The sum of the mixed extract and the mixed powder may be 1 to 10% by weight of the total weight of the food. In the case of long-term intake for health and hygiene purposes or for health control purpose, it may be less than the above range, and since it has no problem in terms of safety, it can be used in an amount exceeding the above range It is not limited to the above range.

The term 'food' as used herein means a natural product or a processed product containing one or more nutrients, preferably a state of being able to be eaten directly through a certain degree of processing, Food, food additives, functional foods and beverages.

Examples of foods include various foods, beverages, gums, tea, vitamin complexes, functional foods, and the like. In addition, in the present invention, the food may contain special nutritional foods (e.g., crude oil, spirit, infant food, etc.), meat products, fish products, tofu, jelly, noodles (Such as soy sauce, soybean paste, kochujang, mixed potatoes), sauces, confectionery (eg, snacks), candies, chocolate, gums, ice cream, milk products (eg, fermented milk, cheese, But are not limited to, pickled foods (various kinds of kimchi, pickles, etc.), beverages (e.g., fruit drinks, vegetable beverages, beverages, fermented beverages, etc.), natural seasonings (e.g.
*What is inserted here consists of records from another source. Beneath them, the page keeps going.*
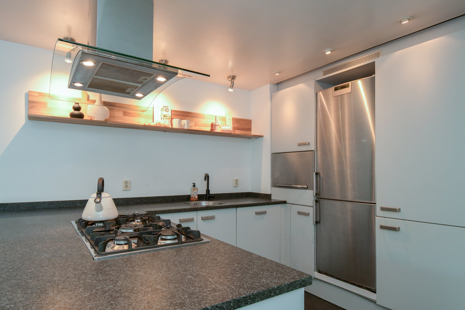De keuken met schiereiland en veel opbergruimte beschikt over diverse inbouwapparatuur, waaronder; 6-pits gasfornuis, koel-vries combinatie, afzuigkap en een vaatwasser.
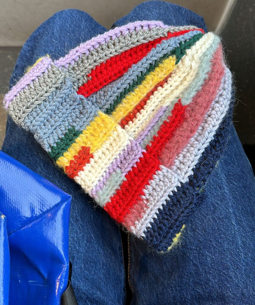 «Da gestrickt/gehäkelt die Farben bereits das Projekt stark mustern, würde ich eher auf komplizierte Techniken verzichten und glatt rechts stricken, respektive mit festen Maschen bis Stäbchen häkeln. Ich habe hier einen simplen Raglan-Pullover gestrickt. Gehäkelt habe ich ein Beanie, welches ich mit halben Stäbchen jeweils durch das hintere Maschenglied gehäkelt habe. Schau auch, dass du eher zu viel Wolle einplanst, als zu wenig. Lieber machst du noch ein weiteres kleines Zero-Waste Projekt, als dass du am Schluss dann doch für dein Projekt noch mehr neue Wolle kaufen musst.»
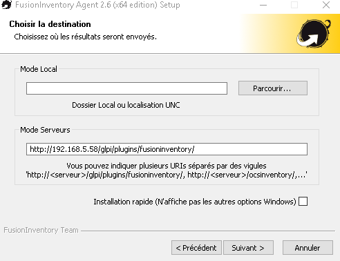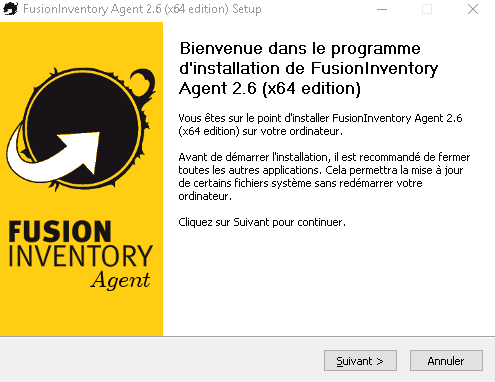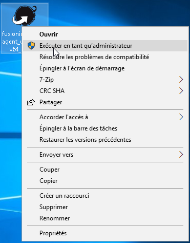 Sur une machine cliente Windows, nous allons télécharger l'agent fusioninventory puis nous allons l'exécuter en tant qu'administrateur.
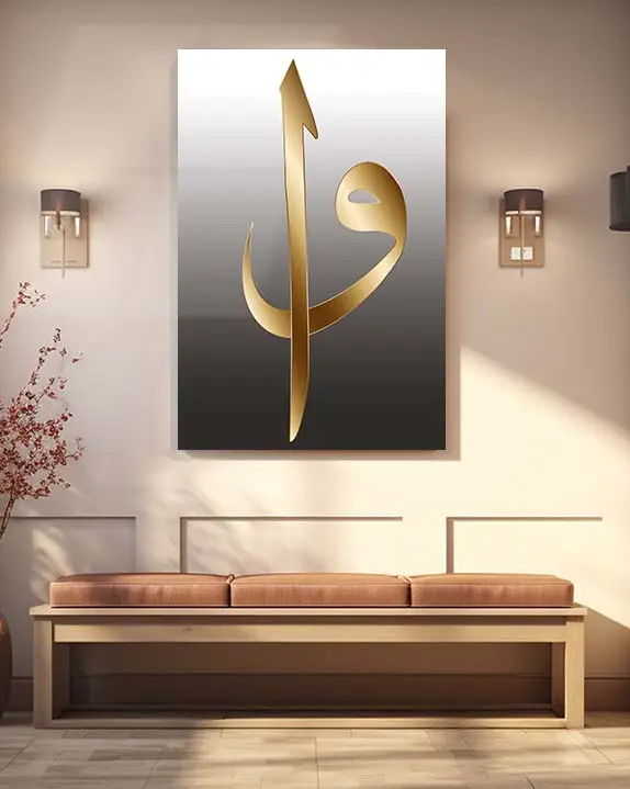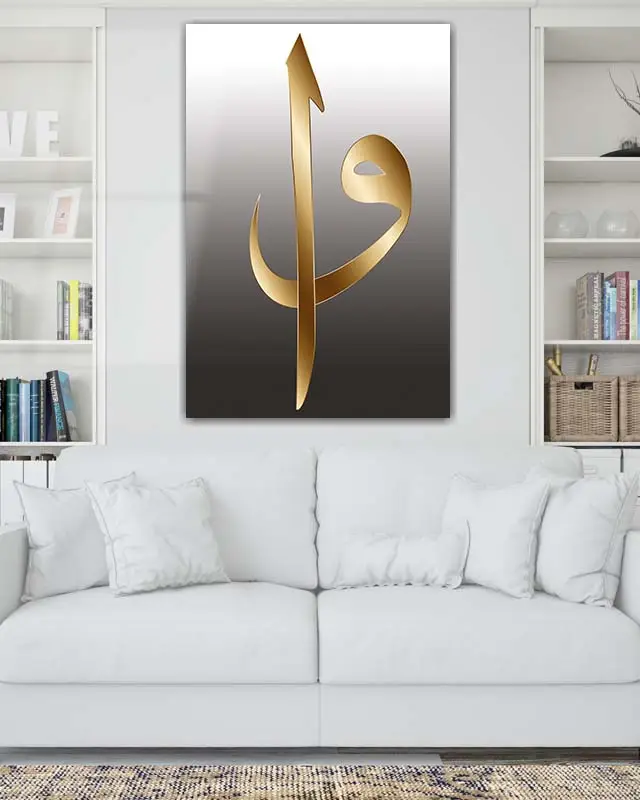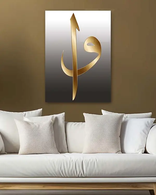 Kahverengi Zeminli Elif ve Vav Harfi Kırılmaz Temperli Cam Tablo
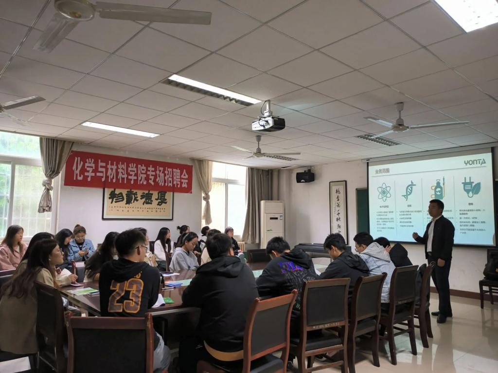 为了更好地拓宽毕业生的就业渠道,推进学院就业创业工作,10月11日,化学与材料学院邀请内蒙古永太化学有限公司、连州市凌力电池配件有限公司等为2024届毕业生举办宣讲招聘会,学院党总支副书记任晓婷、就业专干吴亮、毕业班辅导员张薇依以及毕业生共计50余人参加本次宣讲会。
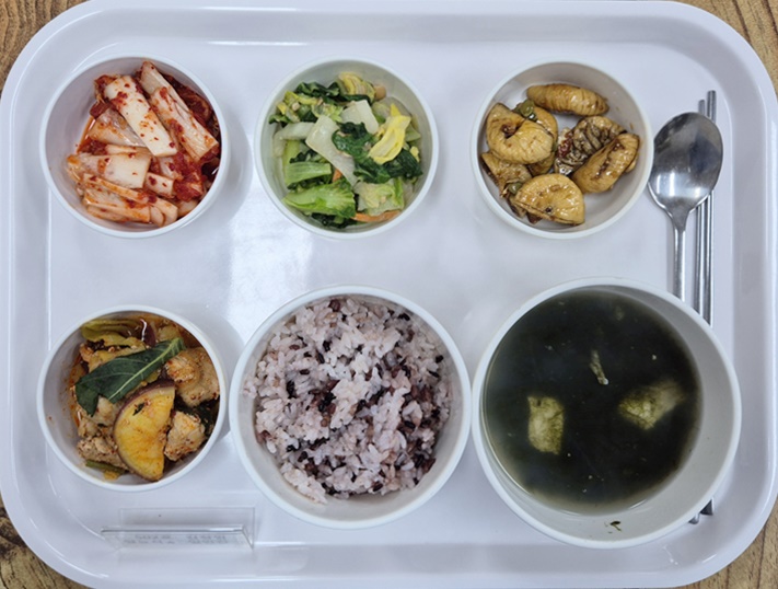 ▷ 4월 7일 중식 : 백미밥(죽/잡곡밥) /매생이굴국 / 춘천닭갈비 / 무화과견과류조림 / 얼갈이된장무침 / 김치 ◁

Furthermore, the present invention provides a flavor enhancer and a flavor enhancer which can be suitably used as flavorings such as various nutrients, vitamins, minerals (electrolytes), synthetic flavors and natural flavors, colorants and fillers (cheese, chocolate etc.), pectic acid and its salts, alginic acid and its salts, Stabilizers, preservatives, glycerin, alcohols, carbonating agents used in carbonated beverages, etc. These components may be used independently or in combination.

Preferably, the present invention is provided as a kimchi having a neuroprotective effect. Kimchi is easily ingested by everyone at an early age for eating.
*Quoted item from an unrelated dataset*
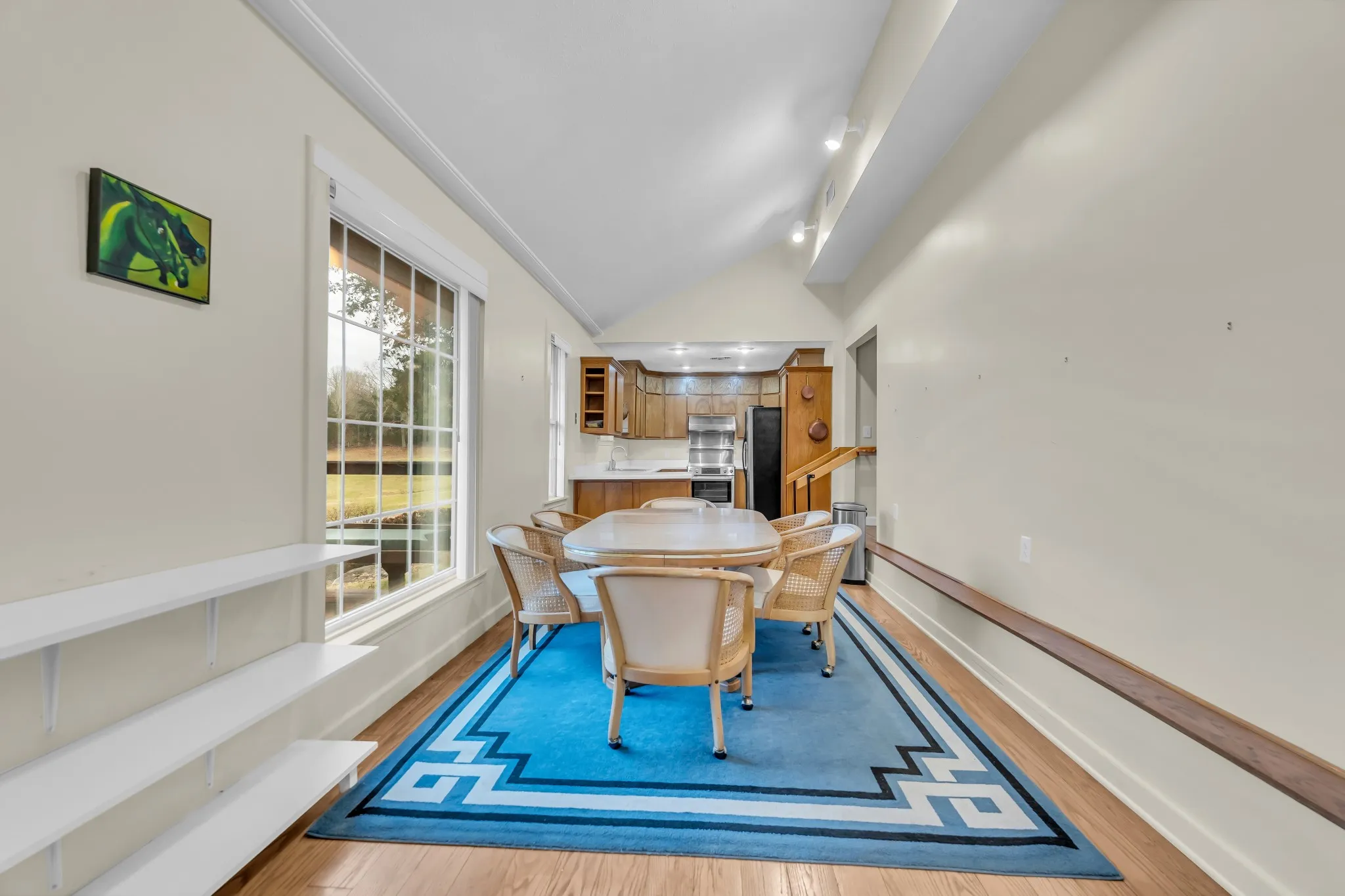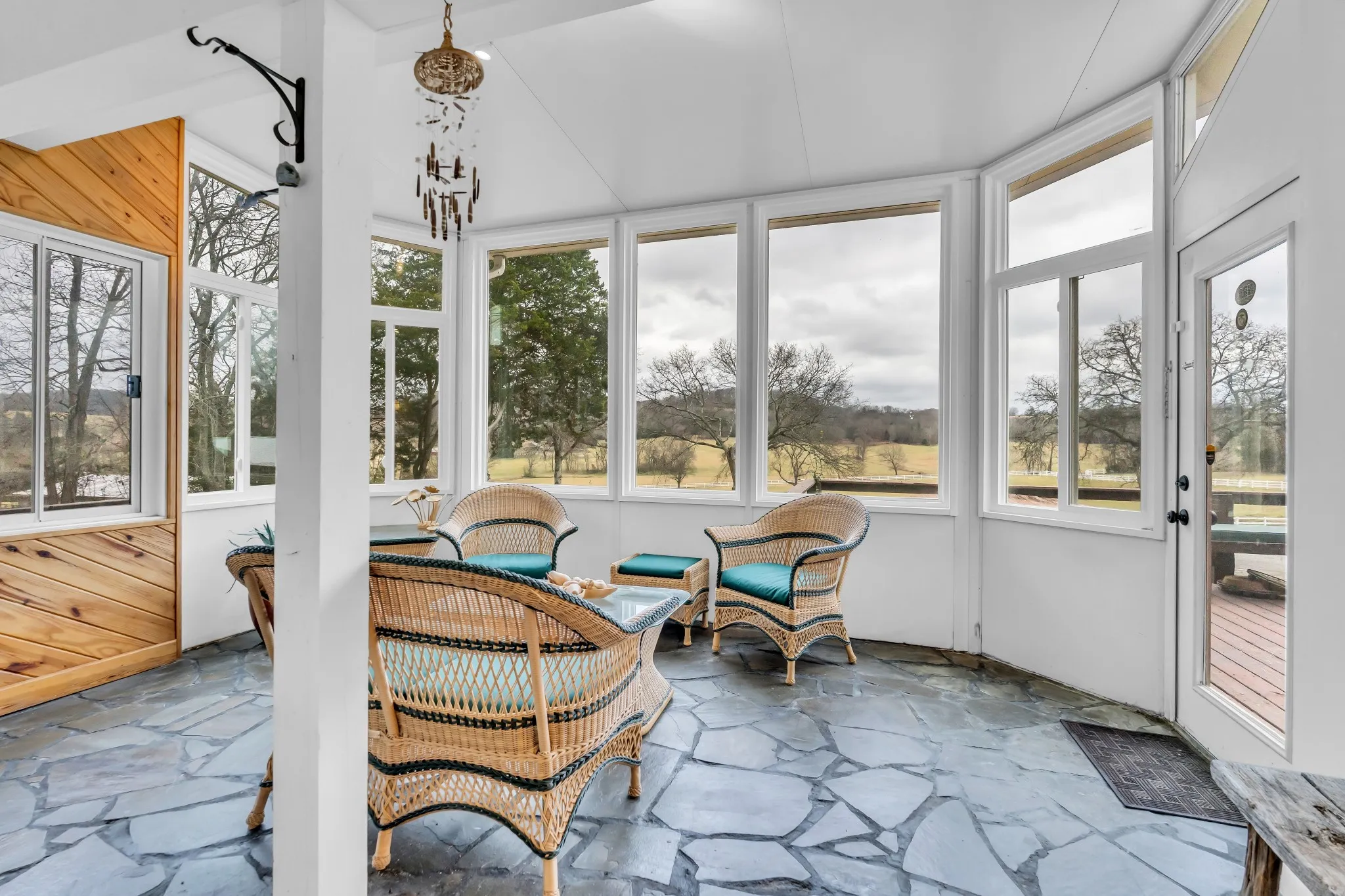 The home features a unique floor-to-ceiling glass solarium overlooking the front pasture—perfect for morning coffee, sunsets, or quiet reflection. A small recording studio adds creative flexibility, and a separate guest quarters with a private kitchenette is ideal for extended family, caretaker, or multi-generational living. Additional improvements include a detached 3-car garage and a two-stall horse barn with a dedicated water source.

The functional Kimchi for protecting brain cells of the present invention inhibits the death of brain nerve cells induced by oxidative stress. Herein, the death of cranial nerve cells is caused by oxidative stress, and the present invention inhibits or kills nerve cell death by inhibiting or blocking apoptosis pathway due to high antioxidant ability.

The present invention has the effect of preventing and ameliorating brain diseases, particularly degenerative brain diseases, through protection of brain cells. Degenerative brain diseases that can be prevented or ameliorated by the present invention include Alzheimer's disease, Parkinson's disease, Amyotrophic lateral sclerosis, and Hypoxic-ischemic injury.
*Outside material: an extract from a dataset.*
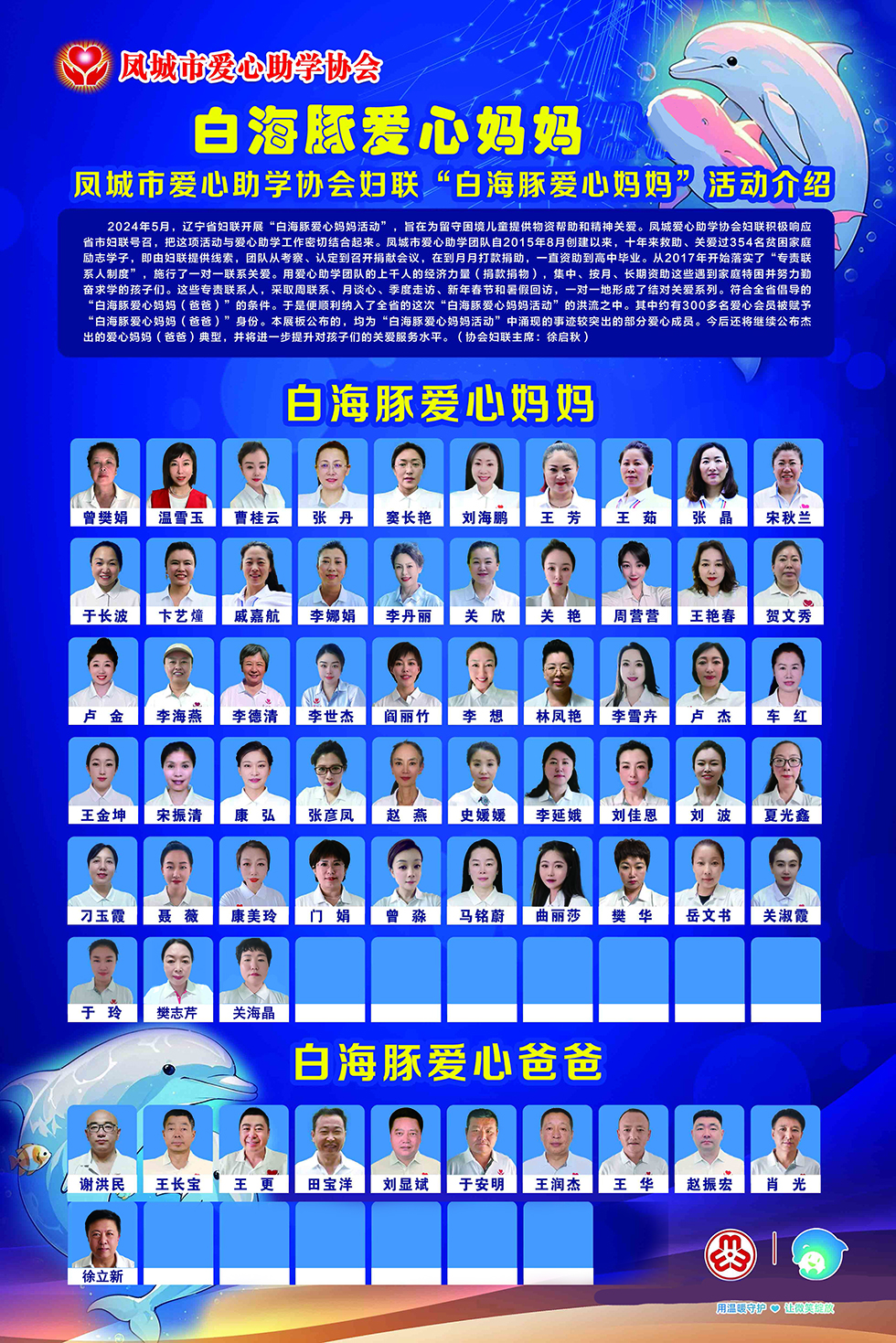 中约有 300 多名爱心会员 被 赋予 “白海豚爱心妈妈(爸爸)”身份。 本展板 公布的,均 为 “白海

The functional Kimchi for protecting brain cells of the present invention can be produced, for example, by the following method.

First, cabbage is pickled in brine. For example, it is soaked in 6 to 10% saline for 10 to 20 hours. Pickled Chinese cabbage and placed on a sieve for half a day to remove moisture.

Next, prepare a marinade. The sauce is made by mixing red pepper powder, garlic, ginger, onion, glutinous rice porridge, fish sauce, shrimp sauce and sugar. Add the mixed extract and the mixed powder to the prepared sauce. 20 to 60 parts by weight of the mixed extract and 10 to 30 parts by weight of the mixed powder may be added to 100 parts by weight of the sauce.

Next, the sauce prepared with the mixture of the mixed extract powder is uniformly mixed with pickled Chinese cabbage to prepare kimchi.

On the other hand, a fermentation step in which the fermentation is performed under certain conditions after the fermentation can be further performed.

For example, it is stored at 5 ° C for 1 week to ferment. The fermented kimchi thus obtained is excellent in taste, low in salinity, and large in the number of lactic acid bacteria, which is very useful for health.

EXAMPLES Hereinafter, the present invention will be described in more detail with reference to the following examples. However, the scope of the present invention is not limited to the following examples.

(Example)

1. Preparation of mixed extract

Dandelion, ganoderma, bellflower and dodeca were purchased from Gangwon - do, and dried and pulverized. Then, 1500 mL of drinking water was added to 50 g of each material, and the mixture was extracted at 90 ° C. for 2 hours and 30 minutes, followed by filtration to prepare dandelion extract, dendrimer extract, bellflower extract, and doduck extract. Each extract was mixed at a constant weight ratio to make a mixed extract.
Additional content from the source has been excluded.